▶ **Assignment**:
What you give back must match the data exactly, minus the pictures.

▶ **Source material**:
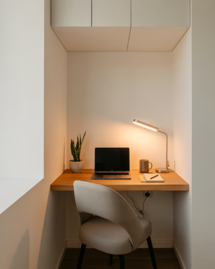 Remote work remains popular, so carve out a workspace—even in small spaces. A floating desk or a repurposed console can serve as your office corner. Keep décor minimalist and add a plant or lamp for motivation. In rented apartments, choose foldable or mobile pieces. This design idea suits college students and couples alike who need to share limited space efficiently.
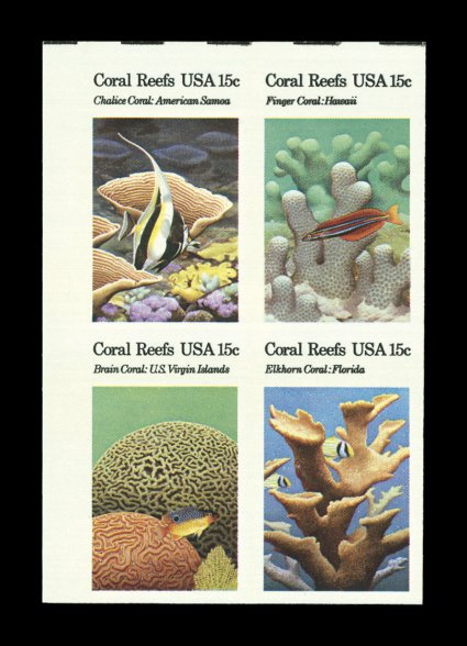 1077 nhbl 1830b image#1830b, 15c Coral Reefs se-tenant block of four, imperforate, top left corner margin block of four, o.g., n.h., extremely fine and a very attractive error block. (Image) $500.00
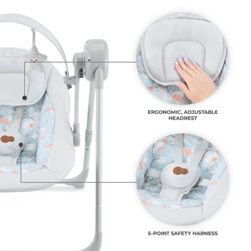 Ергономичната, регулируема облегалка за глава и 5-точковият колан с меки подложки осигуряват стабилна опора и безопасно позициониране. Вашето дете може да почива комфортно и безопасно – независимо дали се люлее или лежи неподвижно. Двете позиции на седалката– легнало и полулегнало – ви позволяват да адаптирате шезлонга към активността на вашето бебе. Идеален както за игра, така и за тиха почивка.
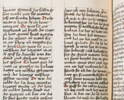 Ist es überhaupt nötig, das Original zu behelligen, wenn hochauflösende Fotos von der Bibliothek ins Netz gestellt wurden? Dafür machte der Seminarleiter, Prof. Dr. Martin Schubert, vor Ort vor allem zwei Gründe geltend. Zum einen verspürt man hier die Aura des Historischen: Dies ist ebendas Buch, vor dem ein braver Mönch im Kloster Marienfrede bei Xanten in den 1470er Jahren gesessen hat und das seit über 500 Jahren verwahrt wird, bis wir zu Besuch kommen. Die materiale Gestalt, vom hölzernen Buchdeckel mit Lederbezug über die ledernen Daumenregister bis zum Geruch des Papiers, lässt sich nicht in einer technischen Reproduktion erfassen. Zum anderen wurde der Besuch zur Autopsie genutzt, also zur Überprüfung von Lesarten im Original. An ein paar Stellen musste doch noch einmal in die Handschrift gesehen werden. Was steht eigentlich in Mikroschrift am rechten Rand ergänzt? Mit den korrekten Lesungen versehen, konnten wir zufrieden heimfahren. Besonders hat uns die freundliche Aufnahme durch die Mitarbeiter der ULB und die Leitung des Handschriftenlesesaals beeindruckt, die uns die Gelegenheit gaben, anderthalb Stunden lang intensiv an dem alten Original zu arbeiten.

▶ **Exercise answer**:
 Remote work remains popular, so carve out a workspace—even in small spaces. A floating desk or a repurposed console can serve as your office corner. Keep décor minimalist and add a plant or lamp for motivation. In rented apartments, choose foldable or mobile pieces. This design idea suits college students and couples alike who need to share limited space efficiently.
 1077 nhbl 1830b image#1830b, 15c Coral Reefs se-tenant block of four, imperforate, top left corner margin block of four, o.g., n.h., extremely fine and a very attractive error block. (Image) $500.00
 Ергономичната, регулируема облегалка за глава и 5-точковият колан с меки подложки осигуряват стабилна опора и безопасно позициониране. Вашето дете може да почива комфортно и безопасно – независимо дали се люлее или лежи неподвижно. Двете позиции на седалката– легнало и полулегнало – ви позволяват да адаптирате шезлонга към активността на вашето бебе. Идеален както за игра, така и за тиха почивка.
 Ist es überhaupt nötig, das Original zu behelligen, wenn hochauflösende Fotos von der Bibliothek ins Netz gestellt wurden? Dafür machte der Seminarleiter, Prof. Dr. Martin Schubert, vor Ort vor allem zwei Gründe geltend. Zum einen verspürt man hier die Aura des Historischen: Dies ist ebendas Buch, vor dem ein braver Mönch im Kloster Marienfrede bei Xanten in den 1470er Jahren gesessen hat und das seit über 500 Jahren verwahrt wird, bis wir zu Besuch kommen. Die materiale Gestalt, vom hölzernen Buchdeckel mit Lederbezug über die ledernen Daumenregister bis zum Geruch des Papiers, lässt sich nicht in einer technischen Reproduktion erfassen. Zum anderen wurde der Besuch zur Autopsie genutzt, also zur Überprüfung von Lesarten im Original. An ein paar Stellen musste doch noch einmal in die Handschrift gesehen werden. Was steht eigentlich in Mikroschrift am rechten Rand ergänzt? Mit den korrekten Lesungen versehen, konnten wir zufrieden heimfahren. Besonders hat uns die freundliche Aufnahme durch die Mitarbeiter der ULB und die Leitung des Handschriftenlesesaals beeindruckt, die uns die Gelegenheit gaben, anderthalb Stunden lang intensiv an dem alten Original zu arbeiten.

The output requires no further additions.